▸ SUPPLIED RECORDS:
::::::::

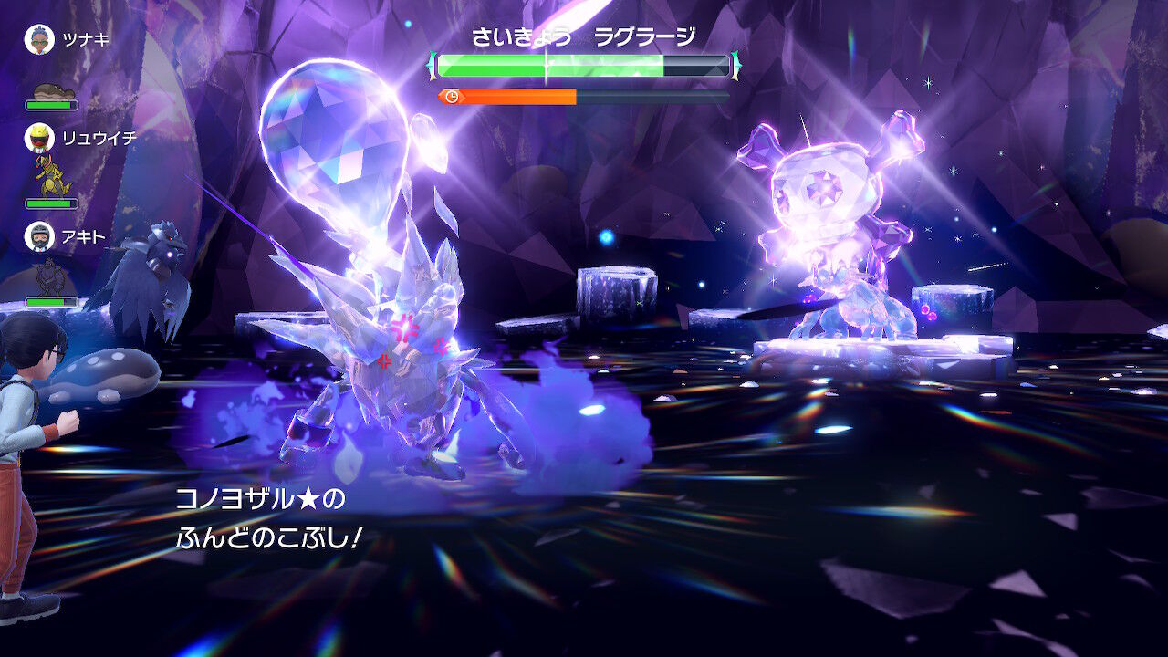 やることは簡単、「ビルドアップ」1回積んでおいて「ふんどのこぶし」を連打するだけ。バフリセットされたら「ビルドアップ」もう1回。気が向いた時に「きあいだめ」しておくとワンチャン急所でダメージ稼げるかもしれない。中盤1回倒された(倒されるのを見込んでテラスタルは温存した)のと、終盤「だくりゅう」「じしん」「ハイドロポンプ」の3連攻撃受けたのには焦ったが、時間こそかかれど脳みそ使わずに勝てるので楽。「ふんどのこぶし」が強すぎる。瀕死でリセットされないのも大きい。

::::::::

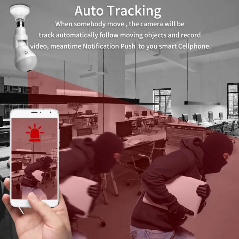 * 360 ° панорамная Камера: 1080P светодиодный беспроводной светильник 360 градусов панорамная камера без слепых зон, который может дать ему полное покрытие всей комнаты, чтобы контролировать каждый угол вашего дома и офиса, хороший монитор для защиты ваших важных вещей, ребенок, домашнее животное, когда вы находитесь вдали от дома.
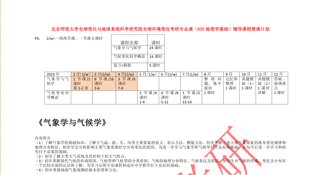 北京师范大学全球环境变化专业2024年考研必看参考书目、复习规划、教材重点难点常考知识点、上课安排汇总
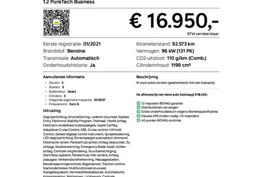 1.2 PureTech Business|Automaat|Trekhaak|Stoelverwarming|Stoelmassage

::::::::

▸ EXERCISE BRIEF: Using the data above, print only the lines starting at the one with "вдали от дома." and ending at the one with "北京师范大学全球环境变化专业", exactly as they stand, minus the pictures.

▸ RESULT FOR THIS EXERCISE:
 * 360 ° панорамная Камера: 1080P светодиодный беспроводной светильник 360 градусов панорамная камера без слепых зон, который может дать ему полное покрытие всей комнаты, чтобы контролировать каждый угол вашего дома и офиса, хороший монитор для защиты ваших важных вещей, ребенок, домашнее животное, когда вы находитесь вдали от дома.
 北京师范大学全球环境变化专业2024年考研必看参考书目、复习规划、教材重点难点常考知识点、上课安排汇总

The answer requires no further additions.